Hi,
Help me please figure out the reason for the strange behavior of the app. One of my apps have recently the memory leak. As the investigation showed, this has been happening for a long time but after crash systemd restart it very fast and monitoring does not have time to register the crash and them to inform me. The memory leak looks like as though if his memory someone was limited but is not true because still remains about 2Gb. Log show the common message without additional info:
[...]
Unhandled exception in spawn: Error while flushing data to the client (HTTP::Server::ClientEr
from ???
Caused by: Error writing to socket: Broken pipe (IO::Error)
from ???
Unhandled exception in spawn: Error while flushing data to the client (HTTP::Server::ClientEr
[...]
System logs contain a bit more information:
Aug 29 11:50:03 host-02 hermes[3673]: mmap(PROT_NONE) failed
Aug 29 11:50:36 host-02 systemd[1]: dispatcher.service: Main process exited, code=dumped, status=6/ABRT
Aug 29 11:50:36 host-02 systemd[1]: dispatcher.service: Failed with result 'core-dump'.

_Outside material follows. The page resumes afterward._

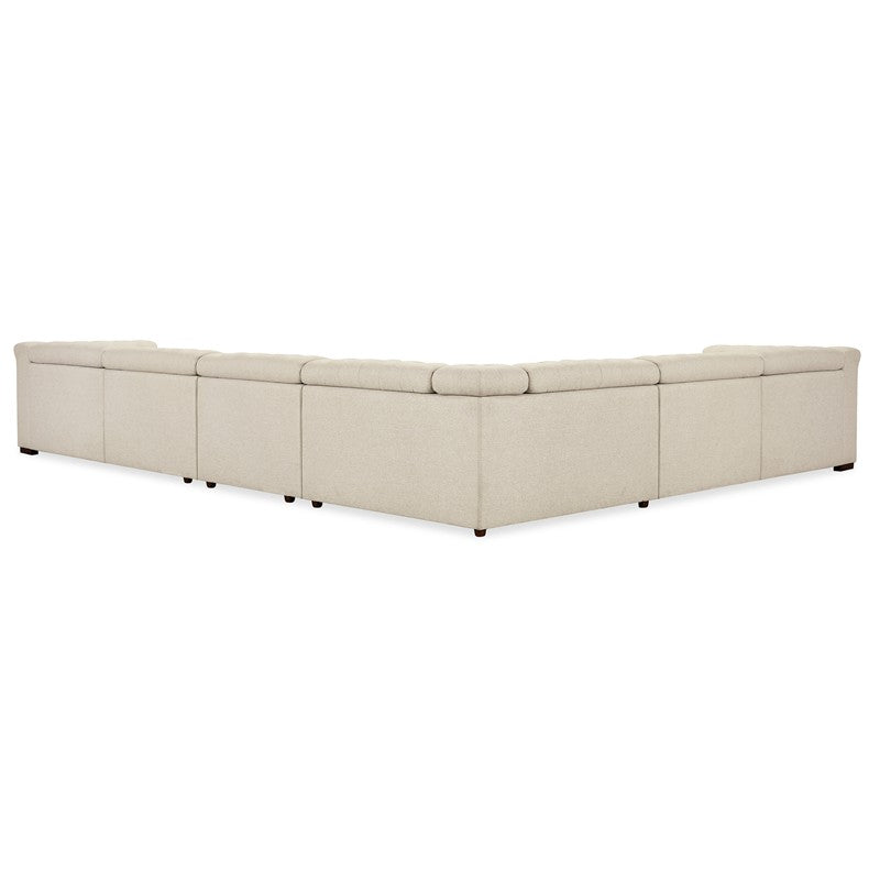 Upholstered in soft Aries Beach fabric, the Savion Deux 6 Seat Sectional offers four power recliners and seven power headrests, delivering a perfect combination of style and functionality. The smooth, durable fabric is complemented by dark wood accents, chesterfield tufting, and copper-toned nail trim. With its seamless power reclining feature, this sectional offers both luxury and practicality for modern living rooms.

Aug 29 11:50:41 host-02 systemd[1]: dispatcher.service: Service hold-off time over, scheduling restart.
Aug 29 11:50:41 host-02 systemd[1]: dispatcher.service: Scheduled restart job, restart counter is at 1.
Aug 29 11:50:41 host-02 systemd[1]: Stopped dispatcher daemon.
Aug 29 11:50:41 host-02 systemd[1]: Started dispatcher daemon.
Aug 29 15:22:12 host-02 dispatcher[9226]: GC Warning: Repeated allocation of very large block (appr. size 2625536):
Aug 29 15:22:12 host-02 dispatcher[9226]: May lead to memory leak and poor performance
Aug 29 17:18:29 host-02 dispatcher[9226]: GC Warning: Repeated allocation of very large block (appr. size 1052672):
Aug 29 17:18:29 host-02 dispatcher[9226]: May lead to memory leak and poor performance
Aug 29 18:00:05 host-02 dispatcher[9226]: mmap(PROT_NONE) failed
Aug 29 18:01:10 host-02 systemd[1]: dispatcher.service: Main process exited, code=dumped, status=6/ABRT
Aug 29 18:01:10 host-02 systemd[1]: dispatcher.service: Failed with result 'core-dump'.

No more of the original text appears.